# Stored data
────────────────────────────────────────

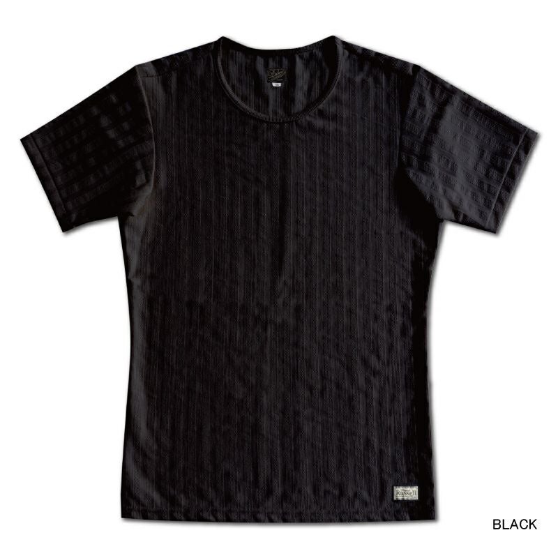 様々な形状を生み出すハニカム編機を駆使して製造した「特殊ピケニット」。コットン100%のしっかりした着心地と、生地表面に見える凹凸のストライプが一種独特の表情を創ります。また、天幅が広いワイドネックより一枚着や重ね着などファッション幅を広げるアイテムとしてもおすすめです。
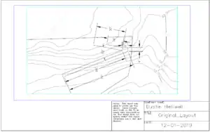 Final Trail: Overview of the final trail.- AutoCAD rendering of final design placement and dimensions (top view).
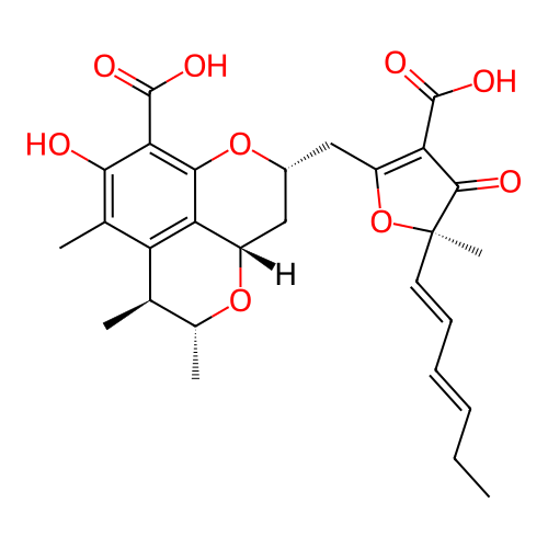 | InChI | InChI=1S/C28H32O9/c1-6-7-8-9-10-28(5)25(30)21(26(31)32)18(37-28)12-16-11-17-20-19(13(2)15(4)35-17)14(3)23(29)22(27(33)34)24(20)36-16/h7-10,13,15-17,29H,6,11-12H2,1-5H3,(H,31,32)(H,33,34)/b8-7+,10-9+/t13-,15-,16+,17+,28-/m1/s1 |
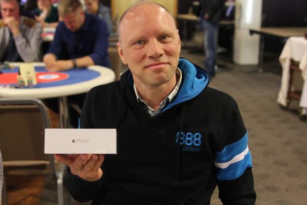 После завтрака куда то шляться лень, вернулся в номер и решил покачать скилл в онлайне. Обычная людомания — сперва отымели, потом отбился и вышел в плюс. День начался отлично. Время улетело незаметно, и пора уже податься на главный турнир, ради чего я собственно тут оказался. Первый день мы не играли в казино, но рядом в соседнюю дверь, в конференц зале гостинице Radisson Blu Olümpia. Забегая вперёд скажу что всего в турнире играли где то примерно 130 человек, но так как турнир был с ре-энтрии получилось 150 входов, для такого количество игроков в казино мест для всех не нашлось,хотя этот самий большой Оlympic казино в Таллине. Краткая речь организаторов и магические слова — let`s shuffle up and deal. Поехали. Да, кроме призового фонда были еше и три спец приза — за собраний рояль флеш — iPhone6, за фулл хаусс с тремя восьмерками Go PRO камера, бабл бою хорошие наушники. ГСЧ подкручен — за соседним столом рояль собрали за пять минут, не то что собрали, но еше и положили с флопа, и чтобы поиздеваться и добрать противнику положили фулл хаусс ривером. Iphone 6 попал в руки приятного мужичка из Швеции.

────────────────────────────────────────

# Task prompt
Transcribe all the data word for word; the images stay out.

# Written response
 様々な形状を生み出すハニカム編機を駆使して製造した「特殊ピケニット」。コットン100%のしっかりした着心地と、生地表面に見える凹凸のストライプが一種独特の表情を創ります。また、天幅が広いワイドネックより一枚着や重ね着などファッション幅を広げるアイテムとしてもおすすめです。
 Final Trail: Overview of the final trail.- AutoCAD rendering of final design placement and dimensions (top view).
 | InChI | InChI=1S/C28H32O9/c1-6-7-8-9-10-28(5)25(30)21(26(31)32)18(37-28)12-16-11-17-20-19(13(2)15(4)35-17)14(3)23(29)22(27(33)34)24(20)36-16/h7-10,13,15-17,29H,6,11-12H2,1-5H3,(H,31,32)(H,33,34)/b8-7+,10-9+/t13-,15-,16+,17+,28-/m1/s1 |
 После завтрака куда то шляться лень, вернулся в номер и решил покачать скилл в онлайне. Обычная людомания — сперва отымели, потом отбился и вышел в плюс. День начался отлично. Время улетело незаметно, и пора уже податься на главный турнир, ради чего я собственно тут оказался. Первый день мы не играли в казино, но рядом в соседнюю дверь, в конференц зале гостинице Radisson Blu Olümpia. Забегая вперёд скажу что всего в турнире играли где то примерно 130 человек, но так как турнир был с ре-энтрии получилось 150 входов, для такого количество игроков в казино мест для всех не нашлось,хотя этот самий большой Оlympic казино в Таллине. Краткая речь организаторов и магические слова — let`s shuffle up and deal. Поехали. Да, кроме призового фонда были еше и три спец приза — за собраний рояль флеш — iPhone6, за фулл хаусс с тремя восьмерками Go PRO камера, бабл бою хорошие наушники. ГСЧ подкручен — за соседним столом рояль собрали за пять минут, не то что собрали, но еше и положили с флопа, и чтобы поиздеваться и добрать противнику положили фулл хаусс ривером. Iphone 6 попал в руки приятного мужичка из Швеции.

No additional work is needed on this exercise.